Nothing but text lines should be duplicated: start with the first line of the listing below and stop after the line holding "Naklejka premium A", omitting pictures.

START Data extracts

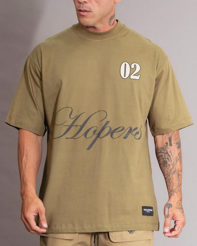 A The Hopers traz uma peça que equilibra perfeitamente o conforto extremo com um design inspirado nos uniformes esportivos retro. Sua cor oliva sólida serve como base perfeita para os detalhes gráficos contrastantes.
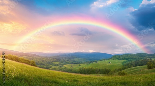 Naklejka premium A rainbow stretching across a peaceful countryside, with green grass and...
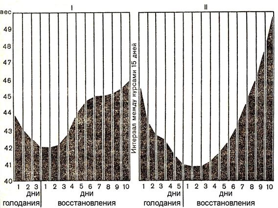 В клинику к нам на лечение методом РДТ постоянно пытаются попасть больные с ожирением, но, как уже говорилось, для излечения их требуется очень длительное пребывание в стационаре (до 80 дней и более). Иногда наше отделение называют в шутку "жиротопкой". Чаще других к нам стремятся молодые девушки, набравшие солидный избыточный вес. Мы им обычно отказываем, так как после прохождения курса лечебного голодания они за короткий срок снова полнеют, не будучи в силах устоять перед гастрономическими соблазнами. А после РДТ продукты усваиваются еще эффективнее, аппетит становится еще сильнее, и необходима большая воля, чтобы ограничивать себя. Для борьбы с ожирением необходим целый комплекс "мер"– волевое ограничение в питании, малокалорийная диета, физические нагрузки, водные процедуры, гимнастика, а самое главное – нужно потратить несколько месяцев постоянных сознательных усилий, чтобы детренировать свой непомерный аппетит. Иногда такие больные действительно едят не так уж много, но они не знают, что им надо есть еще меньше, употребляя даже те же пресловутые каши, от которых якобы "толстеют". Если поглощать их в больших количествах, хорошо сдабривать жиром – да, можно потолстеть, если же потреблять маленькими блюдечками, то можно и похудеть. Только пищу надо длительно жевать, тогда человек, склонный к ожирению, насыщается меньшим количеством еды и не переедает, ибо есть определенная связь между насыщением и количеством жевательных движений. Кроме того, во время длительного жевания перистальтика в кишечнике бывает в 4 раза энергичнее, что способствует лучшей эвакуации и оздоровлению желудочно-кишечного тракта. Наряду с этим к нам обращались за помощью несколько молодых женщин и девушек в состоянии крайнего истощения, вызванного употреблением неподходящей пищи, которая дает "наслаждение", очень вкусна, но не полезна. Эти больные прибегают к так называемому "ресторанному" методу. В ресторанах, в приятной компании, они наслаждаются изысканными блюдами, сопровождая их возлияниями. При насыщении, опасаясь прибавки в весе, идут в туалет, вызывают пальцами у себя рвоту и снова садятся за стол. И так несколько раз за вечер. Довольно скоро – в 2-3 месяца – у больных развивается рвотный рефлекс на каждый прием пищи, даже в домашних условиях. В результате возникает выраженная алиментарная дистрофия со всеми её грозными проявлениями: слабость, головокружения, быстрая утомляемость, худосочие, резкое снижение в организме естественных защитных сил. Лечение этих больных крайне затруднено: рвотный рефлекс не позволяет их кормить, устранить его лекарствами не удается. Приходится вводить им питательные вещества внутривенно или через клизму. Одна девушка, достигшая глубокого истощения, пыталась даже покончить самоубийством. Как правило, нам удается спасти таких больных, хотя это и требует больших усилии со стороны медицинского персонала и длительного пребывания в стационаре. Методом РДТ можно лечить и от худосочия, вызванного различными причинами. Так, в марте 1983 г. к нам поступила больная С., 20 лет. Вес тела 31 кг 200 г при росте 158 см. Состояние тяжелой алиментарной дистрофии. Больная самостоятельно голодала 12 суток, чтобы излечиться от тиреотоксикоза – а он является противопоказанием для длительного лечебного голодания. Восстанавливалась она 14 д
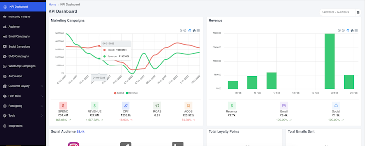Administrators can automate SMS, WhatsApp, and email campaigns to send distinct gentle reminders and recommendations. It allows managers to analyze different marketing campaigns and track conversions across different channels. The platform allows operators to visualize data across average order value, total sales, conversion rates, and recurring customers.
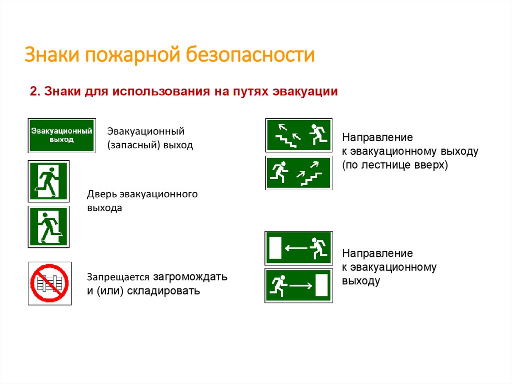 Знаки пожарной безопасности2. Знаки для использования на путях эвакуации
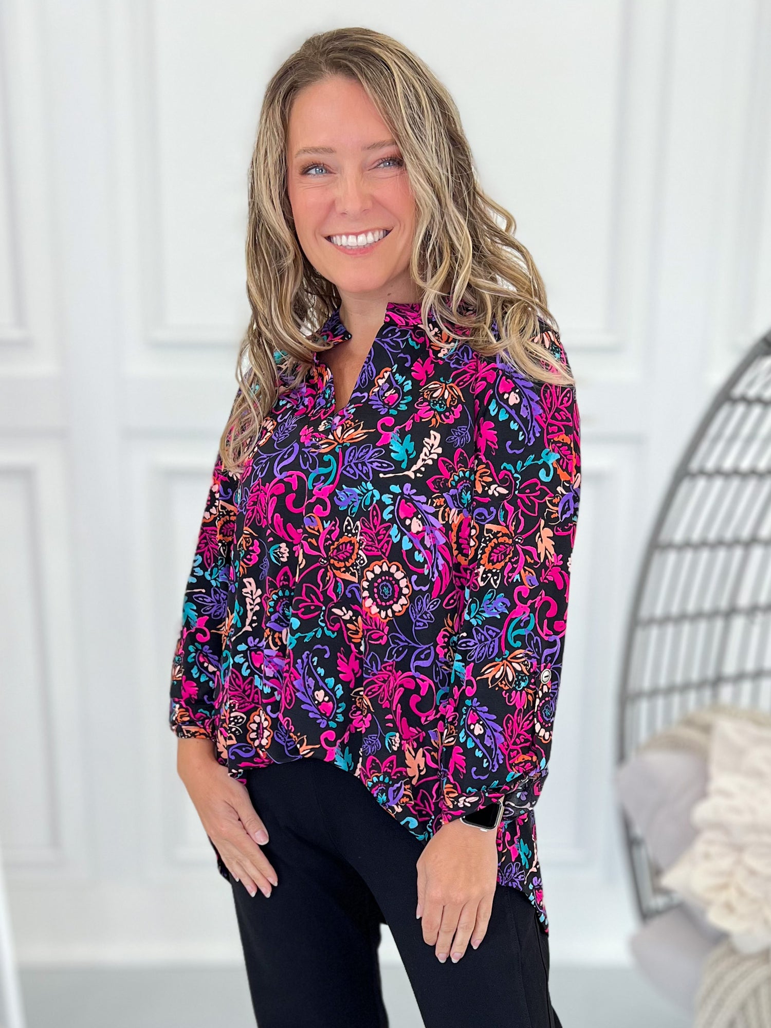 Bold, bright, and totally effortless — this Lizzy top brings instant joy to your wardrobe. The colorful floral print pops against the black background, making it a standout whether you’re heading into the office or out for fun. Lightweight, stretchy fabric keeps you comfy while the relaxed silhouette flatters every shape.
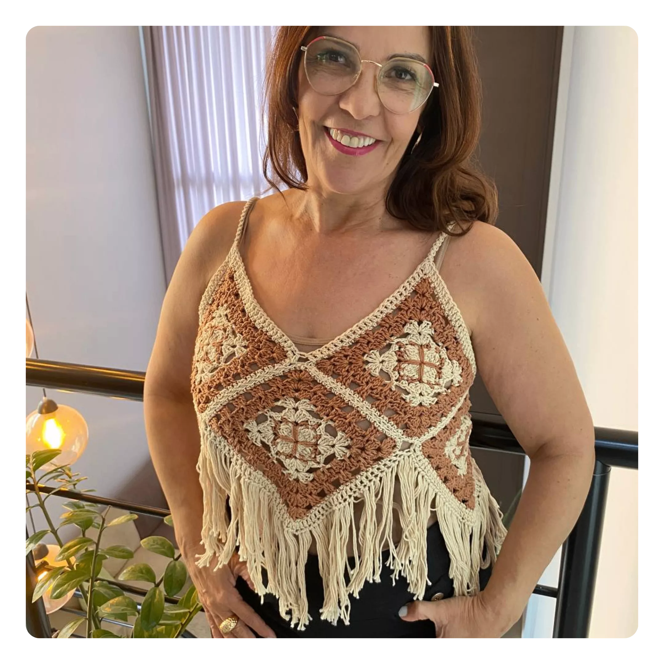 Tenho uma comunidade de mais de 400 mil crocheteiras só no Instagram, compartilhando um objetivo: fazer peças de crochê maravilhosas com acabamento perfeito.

END Data extracts

▸ Exercise response
 A The Hopers traz uma peça que equilibra perfeitamente o conforto extremo com um design inspirado nos uniformes esportivos retro. Sua cor oliva sólida serve como base perfeita para os detalhes gráficos contrastantes.
 Naklejka premium A rainbow stretching across a peaceful countryside, with green grass and...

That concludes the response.